The effects varying between individuals as we all have different sensitivity levels and its effects can be affected by other lifestyle choices such as smoking (caffeine is metabolised by the body more rapidly in people who use nicotine) or at different stages of life.  Older people tend to be more sensitive to its effects while I has been shown to be slower among pregnant women.

And as the average adult needs about 8 hours of good quality sleep a night to function effectively if Caffeine is distributing this can cause us to feel tired, unrested and unmotivated in the following days. Often resulting in one reaching for another cup of coffee and repeating the cycle.

So how much coffee or caffeine is too much?

There are no guidelines for the intake of caffeine.

A Food Standards Australia and New Zealand (FSANZ) Expert Working group has however recognised that

“there was evidence of increased anxiety levels in children at doses of about 3 mg of caffeine per kilogram of body weight per day. The anxiety level for children aged 5-12 equates to a caffeine dose of 95 mg per day (approximately two cans of cola) and about 210 mg per day (approximately three cups of instant coffee) for adults”

They have also identified how much caffeine can be found in some food or drinks as a guide here.

But this is not to say you cannot enjoy your daily coffee or chocolate snacks it may simply require you to think about how much caffeine you are ingesting and when.

If you are drinking or consuming large amounts of caffeine consider cutting back.  Just don’t stop suddenly, gradually cut back.

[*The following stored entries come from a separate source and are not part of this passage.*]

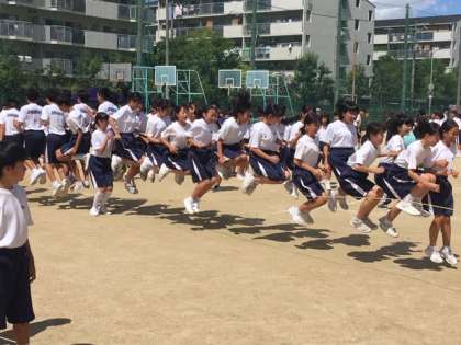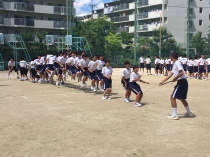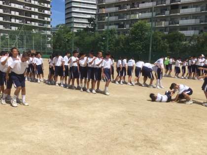 3・4時間めは、1年生の学年練習です。学年種目は、これも恒例のムカデ競争です。 生徒に聞くと、小学校では全員での長縄跳びもムカデ競争もしていないようで、みんな初めての体験です。どちらもなかなか、上手くいきません。
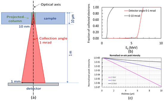 c). However, fully understanding the multiple elastic and inelastic scatterings, lateral intensity distribution, and achievable spatial resolution for large, thick biological samples up to 10 μm in thickness is a highly scientific challenge that requires significant resources and commitment. It is worth noting that these analytical formulas may be subject to limitations due to the above assumptions (e.g., sample thickness up to 10 μm and high electron energy exceeding several MeV), and an in-depth study of these complexities is beyond the scope of this paper.
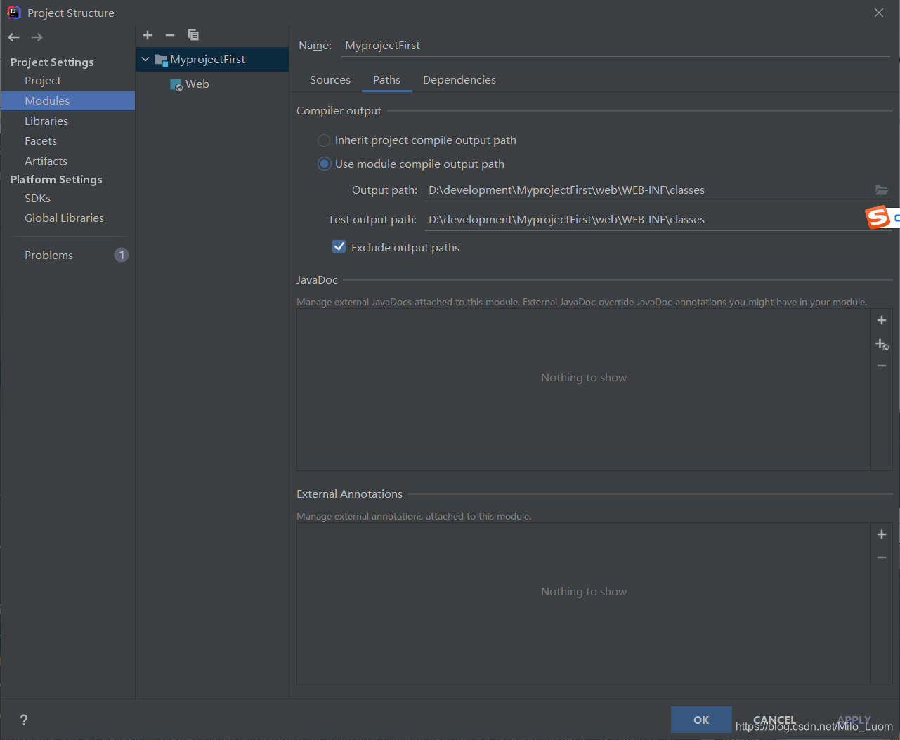 File -> Project Structure,打開(kāi)以下窗口。然后選擇Modules-- Paths – 勾選“Use module compile out path” ,并將Outputpath 和Test output path 都設(shè)置為剛剛創(chuàng)建的classes文件夾
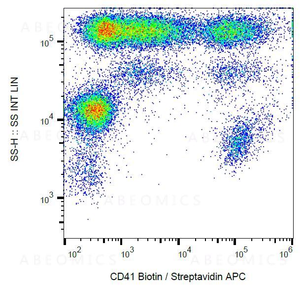 CD41 (platelet glycoprotein IIb) is composed of two subunits (120 kDa a, alpha and 23 kDa b, beta) that interact with CD61 in the presence of calcium to form a functional adhesive protein receptor. Upon blood vessel damage, this receptor binds to a variety of proteins including von Willebrand factor, fibrinogen, fibronectin and vitronectin. CD41 is mainly expressed on megakaryocyte-platelet lineage, but generally belongs to the antigens that are expressed during early stages of hematopoietic differentiation.
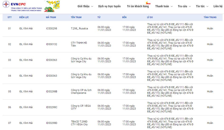 | ĐL Vĩnh Hải | ID53298C | Công ty CP. VEGA CITY | 06:00 11/01/2023 | 17:00 11/01/2023 | Thay sứ từ cột 476 Đ ĐE_45/111 đến cột 476 Đ ĐE_45/141, Thay sứ tại cột 476 Đ ĐE_45/110, lắp LBS di động tại cột 476 Đ ĐE_45/142 (hOTLINE) |
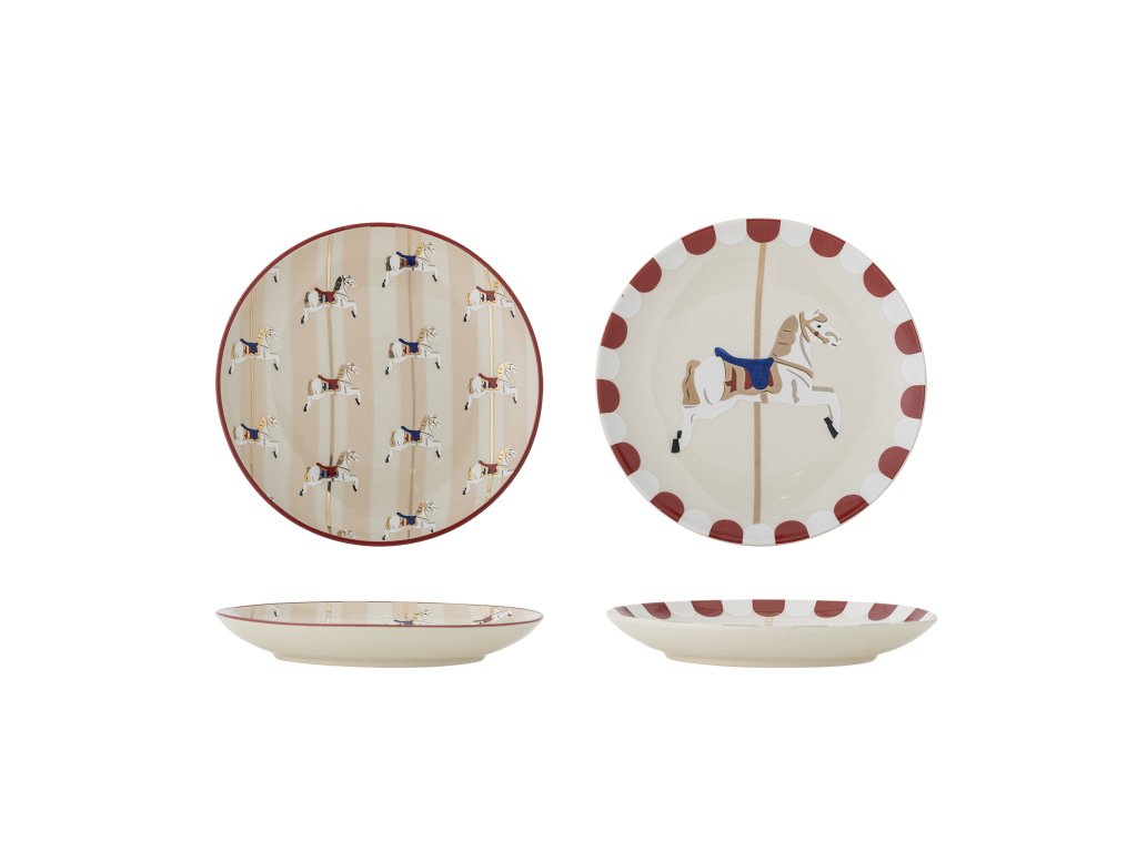 Bloomingville Dezertní talířky Merry-go-round 2 ks Bloomingville Merry-go-round Plate, Red, Stoneware
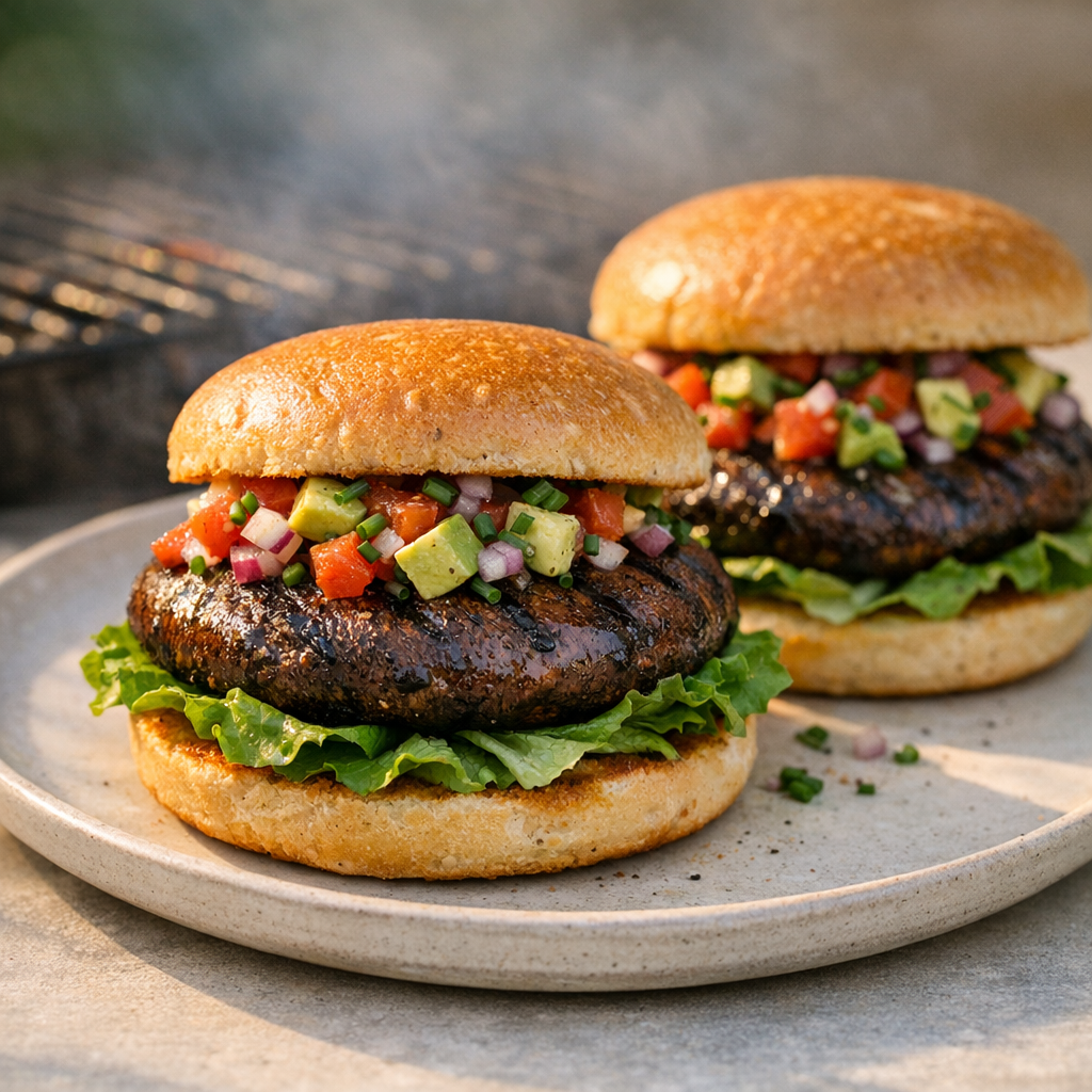 Gegrilde portobello champignons vormen een hartige burger met een frisse topping. Je eet een smaakvolle vegetarische lunch die goed vult zonder zwaar te zijn.
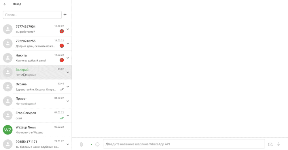 Чтобы отправить шаблон WABA из чата Wazzup, перейдите в диалог и выберите шаблон из списка по кнопке «/».

If your body is used to caffeine as stimulant, simply stopping may give you headaches.

And, don’t drink coffee too close to bedtime. And you may need to try having that last one at different times to see what works best for you because as recognised by the Sleep Health Foundation  

“There are different views on how many hours before bed you should have your last caffeine intake. Some say caffeine should be avoided for at least 3 to 7 hours before going to sleep. Others say no caffeine after lunch time if you have sleep problems. Many people find that their sleep improves with less caffeine or only having caffeine earlier in the day.”